Cyber Intelligence and Instrumentation Officer
San Francisco, CA

Job Description

At the Federal Reserve Bank of San Francisco, the work we do is consequential and challenging. Our environment encourages growth and diversity. Our employees flourish in a team-oriented atmosphere and are dedicated to the important mission of the San Francisco Fed.

What we do:

The National Incident Response Team (NIRT) is an in-house Information Security team that serves the entire Federal Reserve System across the United States and its territories. NIRT is responsible for delivering effective and efficient nationwide cyber intrusion detection, incident response, threat assessment, cyber intelligence, software security, vulnerability assessment, and other information security services to the Federal Reserve System (FRS) and select Bureaus of the US Treasury.

Your role as a Cyber Intelligence and Instrumentation Officer:

The individual in this role is responsible for strategic and execution leadership for NIRT's Cyber Intelligence and Instrumentation service portfolio, including people, processes, and technology. The role is responsible for all aspects of cyber intelligence and threat-based analysis of the risks to the FRS and Treasury customers; additionally, this role is responsible for maintaining highly effective and efficient instrumentation and threat detection capabilities to support NIRT's core mission. This position requires close coordination with peers in the areas of incident response, security monitoring and security assessment services.

In this capacity, the candidate frequently engages with the System's senior National IT management leadership, business line executives and others throughout the System regarding information security threats and cyber security risk matters. This includes providing threat intelligence to support the protection of mission-critical applications and systems that support market operations, financial institution supervision, services to banking organizations, services to the U.S. Treasury Department, and internal FRS operations.

The successful candidate will be a visionary and experienced Information Security Executive who has extensive experience in the delivery of high performing cyber security services in a federated governance model; has an excellent grasp of analytic and cyber intelligence tradecraft; executive leadership experience, and a track record of successfully supporting risk-based decision-making through analysis.

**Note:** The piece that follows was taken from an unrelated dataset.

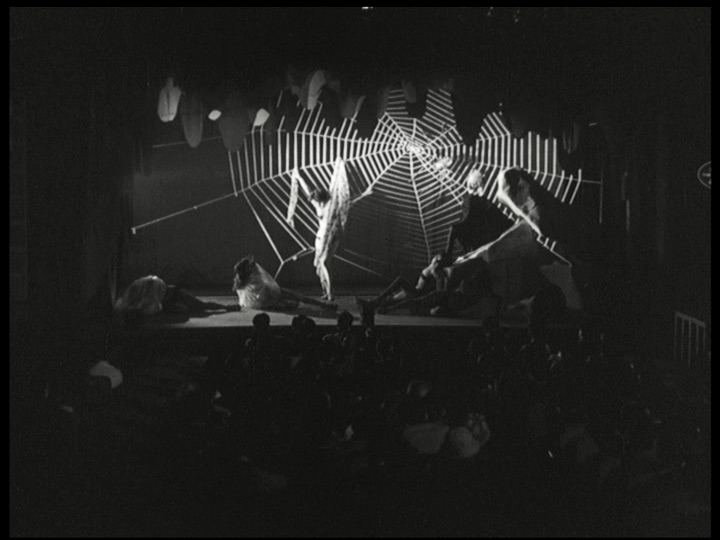 Another spectacular key moment occurs when Ayuko, the girlfriend of Ken (Yu Fujiki), a struggling newspaper reporter, is revealed to have a secret life as a stripper. During her stage show which features a giant spider web and a performer in a spider costume, Ayuko comes to a grisly end which is actually fitting since the stripper had earlier appeared excited by the possibility of being murdered. Even stranger is the fact that Ayuko was initially presented as the potential good girl heroine in the early stages of the movie.

* Delivers high impact written and verbal briefings on sensitive cyber threat intelligence matters with a broad range of audiences including information security staff, senior executive leadership (e.g. CIO, CISO, etc.) and business area representatives.
* Develops and maintains broad ranged strategic plans, internal processes, and staff capabilities to support security advisories (vulnerability intelligence), cyber threat analyses, system-wide strategic security recommendations, cyber intelligence briefings and information sharing with trusted partners.
* Directs all-source intelligence lifecycle including requirements, collection, analysis and dissemination in alignment with industry standard methodologies and best practices.
* Oversees assessment of cyber threats to the organization including near-term and strategic risks within critical functions.
* Provides support managing or directing response activities during significant enterprise-level cyber incidents or emerging cyber threat conditions.
* Develops and maintains broad ranged strategic plans, internal processes, and staff capabilities to support network telemetry design, threat detection platform support (e.g. NIDS, advanced malware analysis, network capture, etc) and threat analysis capabilities aligned with current threat landscape or anticipated adversary capabilities.
* Directs staff and oversees the functional responsibilities as it relates to implementing key strategies and critical business priorities at an organizational level.

What we are looking for:

* Master's degree in Cyber Security, Engineering, Computer Science, or related discipline or an equivalent combination of education and work experience.
* Ten (10) to twelve (12) years of experience in cyber security, with at least 5 years of experience in cyber intelligence, incident response, security assessment, security operations, or computer network defense functions.
* At least three (3) years of leadership experience in progressively responsible roles in a demanding environment; strong leadership skills and ability to effectively manage high performing staff.
* Expert level understanding of adversary tactics, techniques and procedures (TTPs); threat actors including nation-state, cyber-criminal and hacktivist groups.
* Advanced knowledge of intelligence lifecycle, cyber intelligence practices, incident response, security assessments, security engineering and computer network defense.
* U.S. citizenship and ability to obtain and maintain Top Secret level security clearance.

The Federal Reserve Bank of San Francisco is committed to a diverse workforce and to providing equal employment opportunity to all persons without regard to race, color, religion, national origin, sex, sexual orientation, gender identity, age, genetic information, disability, or military service.

The Federal Reserve Bank of San Francisco is committed to a work environment that respects and fully values the strengths and differences of its people.